Microsoft has launched a PowerShell script to assist restore an empty ‘inetpub’ folder created by the April 2025 Home windows safety updates if deleted. As Microsoft beforehand warned, this folder helps mitigate a high-severity Home windows Course of Activation privilege escalation vulnerability.
In April, after putting in the brand new safety updates, Home windows customers immediately discovered that an empty C:Inetpub folder was created. As this folder is related to Microsoft’s Web Info Server, customers discovered it complicated that it was created when the net server was not put in.
This brought about some folks to take away the folder, making them susceptible once more to the patched vulnerability. Microsoft mentioned that customers who eliminated it can manually recreate it by putting in Web Info Providers from the Home windows “Flip Home windows Options on or off” management panel.
As soon as IIS is put in, a brand new inetpub folder shall be added to the foundation of the C: drive, with recordsdata and the identical SYSTEM possession because the listing created by the April Home windows safety updates. Additionally, in the event you do not use IIS, you’ll be able to uninstall it utilizing the identical Home windows Options management panel to take away it, leaving the C:inetpub folder behind.

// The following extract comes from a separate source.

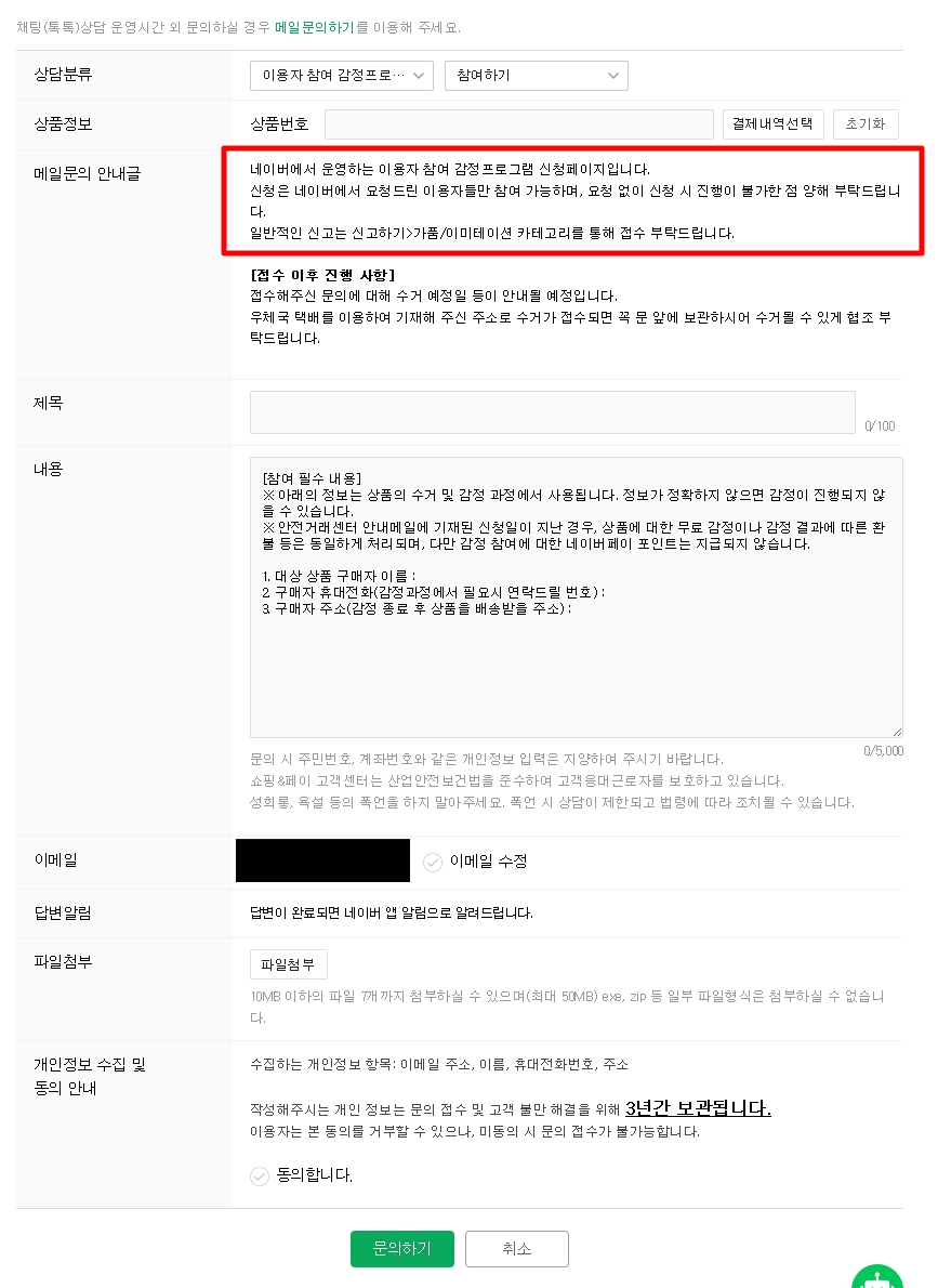 혹시나 저처럼 네이버 안전거래센터에서 메일이 날아오신 분들 중 감정 프로그램에 참여하실 분들은 몇 가지 주의사항이 있다.

On Wednesday, in a brand new replace to the CVE-2025-21204 advisory, the corporate additionally shared a remediation script that helps admins re-create this folder from a PowerShell shell utilizing the next instructions:
Set up-Script -Identify Set-InetpubFolderAcl
C:Program` FilesWindowsPowerShellScriptsSet-InetpubFolderAcl.ps1As Redmond explains, the script will set the proper IIS permissions to stop unauthorized entry and potential vulnerabilities associated to CVE-2025-21204.
It would additionally replace entry management record (ACL) entries for the DeviceHealthAttestation listing on Home windows Server techniques to make sure it’s safe if created by the February 2025 safety updates.
Microsoft: “Do not delete it.”
The safety flaw (CVE-2025-21204) mitigated by this inetpub folder (mechanically created by April’s safety updates even on techniques the place the IIS net server platform was not beforehand put in) is attributable to an improper hyperlink decision difficulty within the Home windows Replace Stack.
This doubtless signifies that Home windows Replace could observe symbolic hyperlinks on unpatched units in a approach that may let native attackers trick the OS into accessing or modifying unintended recordsdata or folders.
Microsoft says profitable exploitation permits attackers with low privileges to escalate permissions and manipulate or carry out file administration operations within the context of the NT AUTHORITYSYSTEM account.
Whereas eradicating the folder didn’t trigger points utilizing Home windows in our exams, Microsoft advised BleepingComputer it was deliberately created and shouldn’t be deleted. Redmond issued the identical warning in an up to date advisory for the CVE-2025-21204 safety flaw to warn customers to not delete the empty %systemdrivepercentinetpub folder.
“This folder shouldn’t be deleted no matter whether or not Web Info Providers (IIS) is energetic on the goal gadget. This conduct is a part of adjustments that enhance safety and doesn’t require any motion from IT admins and finish customers,” the corporate cautioned.
Cybersecurity professional Kevin Beaumont additionally demonstrated that non-admin customers can abuse this folder to dam Home windows updates from being put in by making a junction between C:inetpub and any Home windows file.
Patching used to imply advanced scripts, lengthy hours, and countless hearth drills. Not anymore.
On this new information, Tines breaks down how fashionable IT orgs are leveling up with automation. Patch sooner, cut back overhead, and give attention to strategic work — no advanced scripts required.